In later Lurianic Kabbalah, particularly in Ḥasidism, a further association with biblical kingship is made. In I Kings 1:5, King David’s son Adonijah states, “I will be king!” Later Lurianic sources, particularly in Ḥasidism, describe the to-be-shattered vessels as making the same proclamation. See, for instance, the Maggid of Mezritch’s statement in Or Torah on Ki Teitsei, s.v. “When you build a new house” (Deut. 22:8): “The shevirah happened on account of ego, for each [vessel] said ‘I will rule!’” In this statement and many other Ḥasidic writings, the vessels’ attempts to rule over one another is a metaphor for the individual ego: any attempt to see oneself as separate from the all-encompassing divine unity of God is necessarily an act of idolatry that corrupts the world. The late Rabbi Shimon Gershon Rosenberg (an Israeli religious Zioinist and postmodern thinker known as Rav Shagar) connects the idolatrous pretentions of the ego with Nietzsche’s will-to-power; see Rav Shagar, Pur Which is the Lot (Hebrew, Fourth Printing) (Alon Shevut: Institute for the Writings of Rav Shagar, 2021), pp. 27-42.
[17] Otzrot Ḥayyim, Sha’ar Orot Nitsotsot veKeilim, Ch. 3: “They were connected and joined and unified together in three connected lines […] that pervade one another and enclothe one another.”

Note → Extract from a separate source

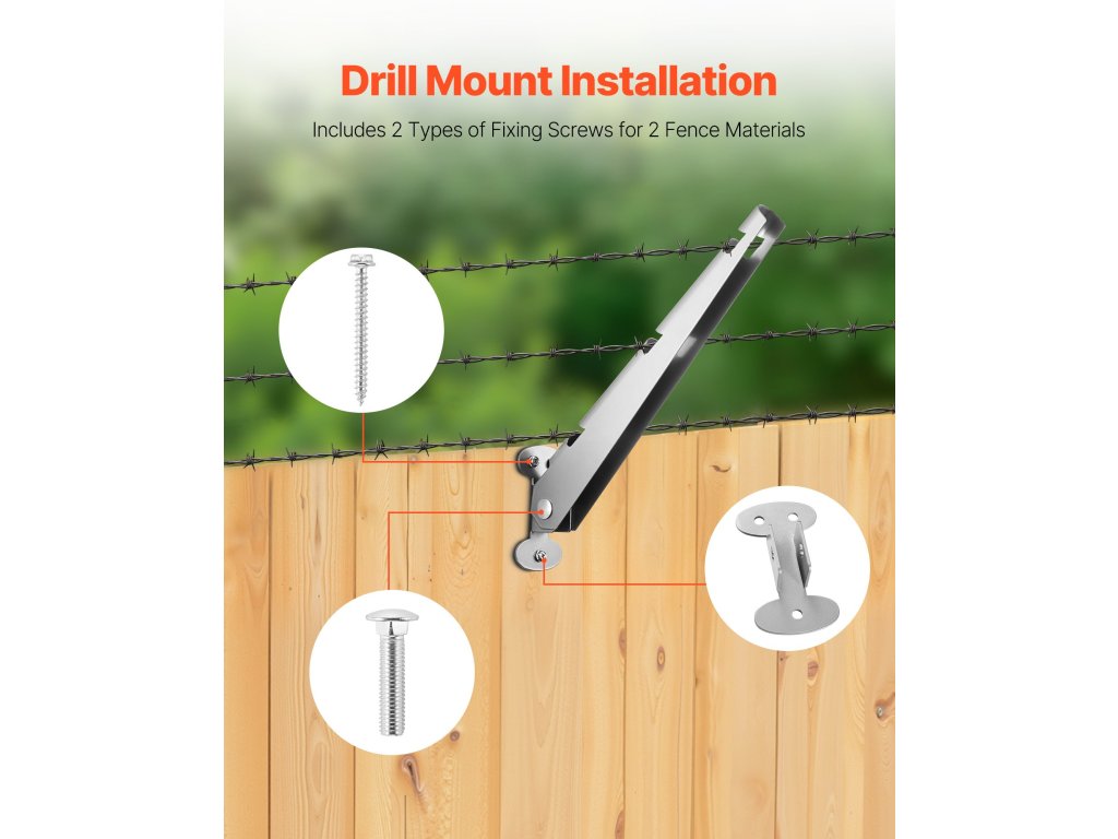 A kerítésmagasság-hosszabbító hatszögletű csavarokat, anyákat, fúrófejet, foglalatot és villáskulcsot tartalmaz - mindent, ami az azonnali beállításhoz szükséges. Egyszerűen igazítsa a kerítéshez, fúrja be az előre kijelölt lyukakba, és húzza meg.

[18] The final stage of tikkun was supposed to be enacted by Adam, but his sin led to another shattering.
[19] This is not a purely academic approach, since the midrash long predates Lurianic Kabbalah, and R’ Einhorn’s commentary on it is not kabbalistic. But neither is it a fully homiletical approach, since Lurianic Kabbalah and its antecedent sources do suggest associations between Cain’s actions and the shevirah. See Sha’ar HaGilgulim, Introduction 3, where the story of Cain and Abel is analogized to Adam’s sin, which is itself seen as a reenactment of the shevirah (though in this context, both Cain and Abel are described as sinning; as for Abel’s sin, see Tikunei Zohar, Tikkun 69). See also Introduction 35, which discusses Cain’s relationship to the forces of judgment, which in some versions of the shevirah are the forces that God wants to cathartically expel. (My thanks to my friend JT for noting this second source.) See also the commentary of the Sulam on the Introduction to the Zohar, pp. 151-153, which translates Cain’s domination of Abel into theogonic terms reminiscent of the shevirah. Finally, Dr. Melila Helner-Eshed argues that in the Idra Rabba, which the Arizal draws on heavily, Cain’s murder of Abel is seen as a reenactment of the “death of the seven kings” (described in Endnote 16). See Melila Helner-Eshed, Seekers of the Face: The Secrets of the Idra Rabba of the Zohar (Hebrew), Rishon LeTzion: Miskal – Yedioth Ahronot Books and Chemed Books, 2017, pp. 342. (My thanks to my hevruta, Allen Lipson, for noting this source.)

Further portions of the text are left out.